Atleast my roommate isn't so bad. His name is Shikamaru and he's one of the few decent people at this school. He's really laid back, kind of reminds me of a hippy. First day I moved in, there was an odd smell in my hall. Turns out it was old Shikamaru smoking pot. When I opened the door, he was sitting on the floor smoking and the first thing he does is offer me a hit. It's funny because I'm from California and I do not smoke. I never even tried that stuff. I mean, it's not like I have anything against it, a lot of my friends growing up smoked, but it's just not me, you know? Anyway, Shikamaru's a pretty cool guy, with his ponytail and low, usually pink, eyes. He always has a bored expression on his face which I suspect is the result of years of weed smoking. A lot of the teacher's here label him as lazy, which is not too far from the truth. He'll go to extremes for drugs, but not for much else. He has this buddy, Choji, a husky kid, who hangs out with him all the time. I'm not gonna lie and say that Choji's being in our dorm all the time doesn't get annoying, but it's not like Choji's a bad guy, he's actually pretty hilarious. Just don't comment on his weight—ever. I learned that the hard way and I still have the bruise to prove it. Other than this, Choji's a pretty decent dude, I mean; he's not the brightest crayon in the box, but who ever said you need to be intelligent to be decent?

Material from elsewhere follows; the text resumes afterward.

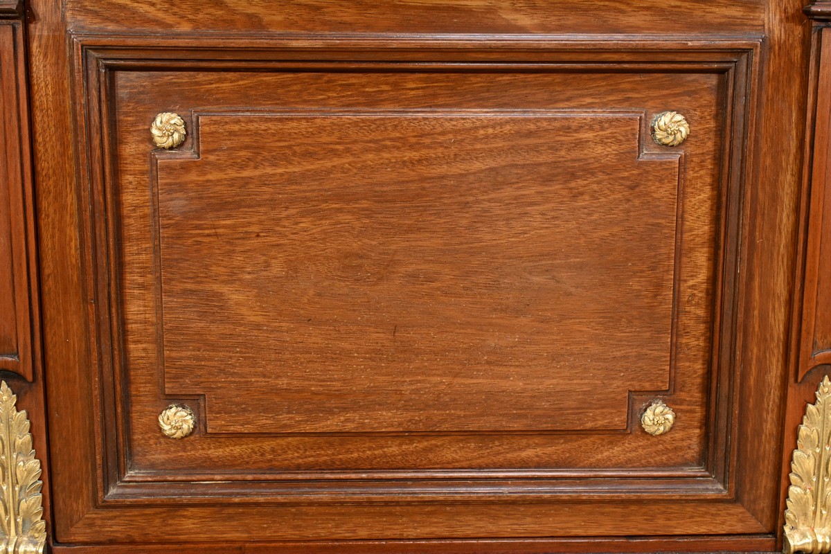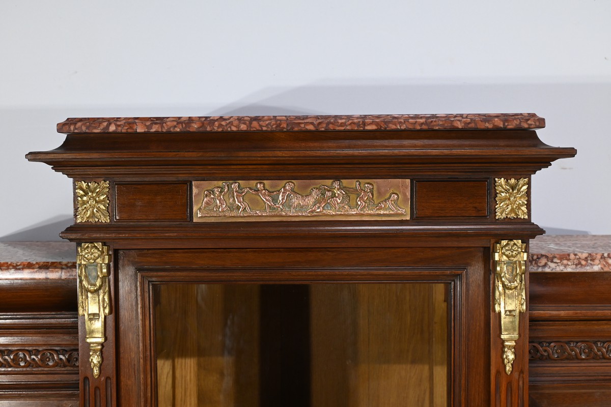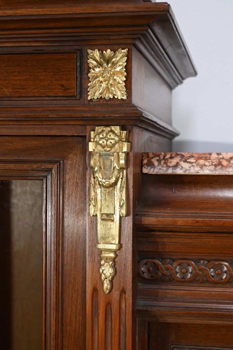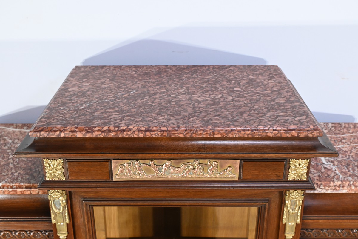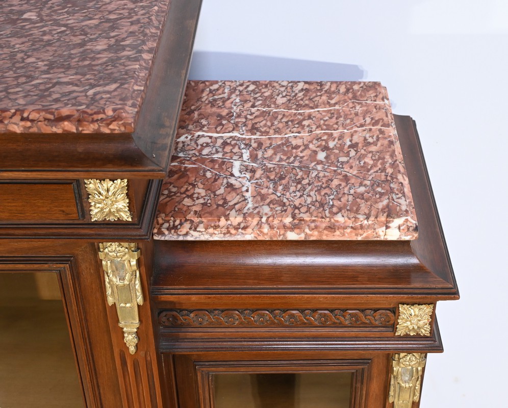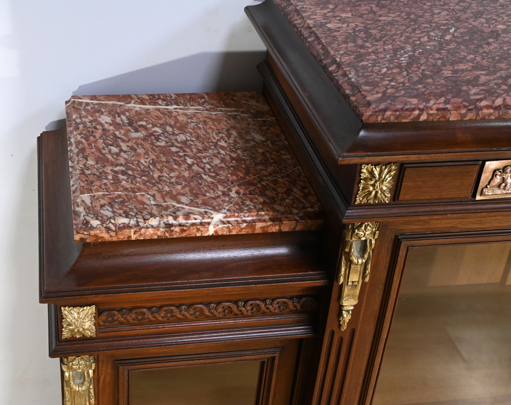 Le meuble est couronné de trois plaques de marbre brèche de Guillestre, offrant une finition luxueuse.

They're in the same posse; Choji and Shikamaru. They also have this really hot girl named Ino. Ino's alright I guess. Her only flaw is, like mostly every girl at this goddam school, drools over that Sasuke jerk. I'm serious! 99.99% of the female population is obsessed with that loser. The other .1% are drooling over some other athlete. That's the thing about KVS; if you're not an athlete, you can forget about picking up any type of chick. Well, maybe you can pick up one of those weirdo chicks like that Hinata girl that follows me around everywhere. I'm so serious, that girl is just plain old weird. If I'm at the library, she's at the library, if I'm in the dining hall, she's in the dining hall, if I'm in a class she's not in, she's righ outside the window! It's quite creepy to be honest. I've even tried to talk to her and get her to fuck off but every time I say a word to the girl she gets all red in the face and starts speaking gibberish, so I just gave up. Girls, huh?
Anyway, that's just a glimpse of what my shitty life is like here at KVS. Feel free to cross this school off your potential schools list, cause it ain't nothing like what the brochure tells you it's like. Yup, the brochure lied to you. Big shocker.